The Cat Empire chronology
| Rising with the Sun (2016) | Stolen Diamonds (2019) | Where the Angels Fall (2023) |

Singles from Stolen Diamonds
- "Ready Now" Released: 1 July 2018; "Stolen Diamonds" Released: 1 August 2018; "La Sirène" Released: 1 September 2018; "Kila" Released: 1 October 2018; "Sola" Released: 1 November 2018; "Barricades" Released: 1 December 2018; "Oscar Wilde" Released: 31 December 2018; "Echoes" Released: 8 February 2019;

= Stolen Diamonds =

Stolen Diamonds is the eighth studio album by Melbourne band the Cat Empire. It was produced by Jan Skubiszewski and released on 15 February 2019 through Two Shoes Records.

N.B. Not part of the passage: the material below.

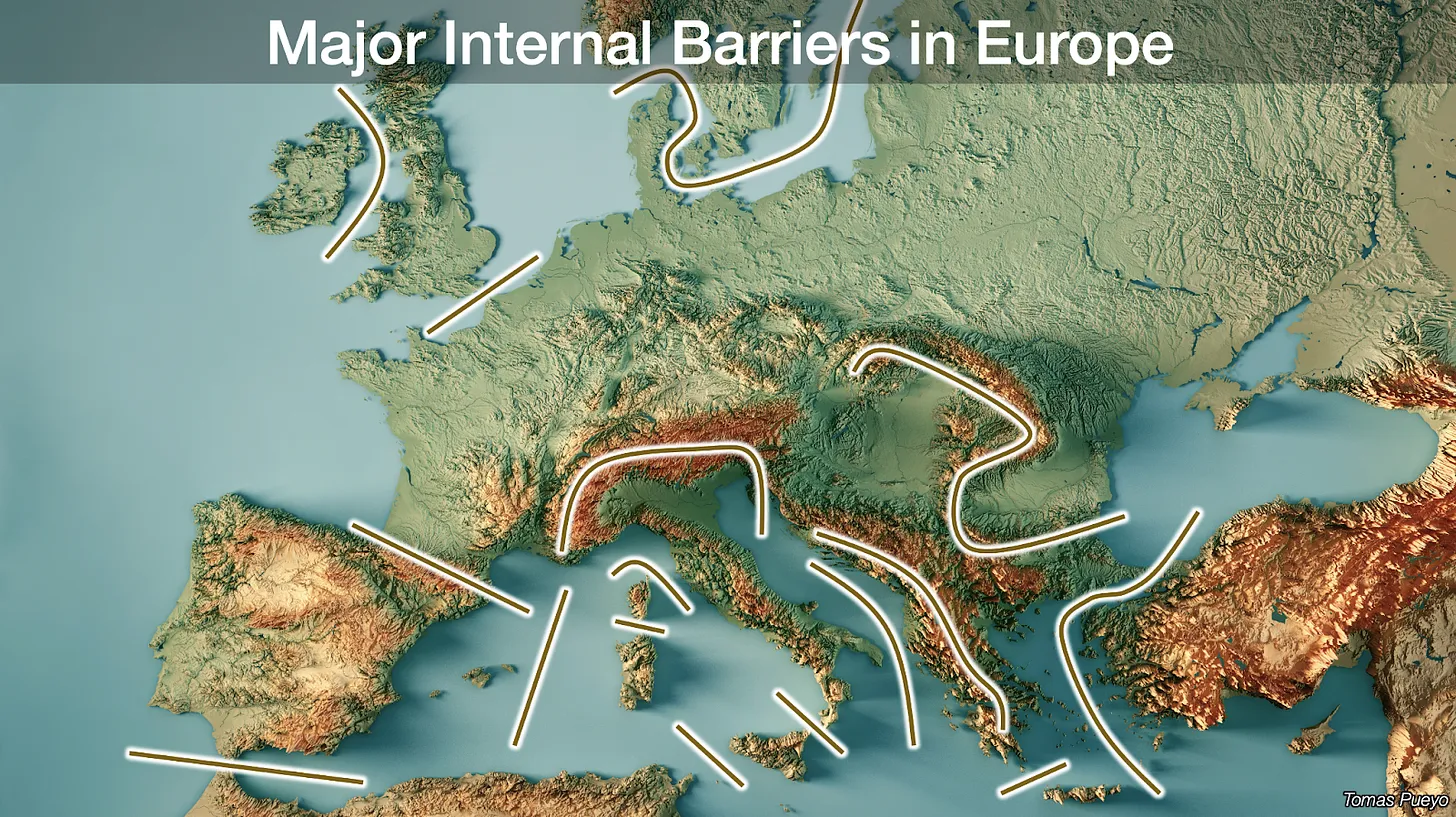 - Bigger internal barriers meant Europe was harder to unify. The result has been a diversity of technologies and approaches to civilization that could challenge each other. However, the barriers were not too high to prevent technology from spreading. More diversity of approaches, together with quick technological diffusion, meant more natural selection of ideas.

The album was released almost three years after their previous album, Rising with the Sun (2016) - the band's longest gap between albums at that time. It debuted at Number 4 on the Australian ARIA Albums Chart, making it the band's sixth top 10 debut, following Rising with the Sun. To promote the album, the band released a new single on the first of each month leading up to the release, starting with "Ready Now" on 1 July 2018. Next released was "Stolen Diamonds" in August, followed by "La Sirène" in September, "Kila" in October, "Sola" in November, "Barricades" in December, "Oscar Wilde" in January and "Echoes" in February.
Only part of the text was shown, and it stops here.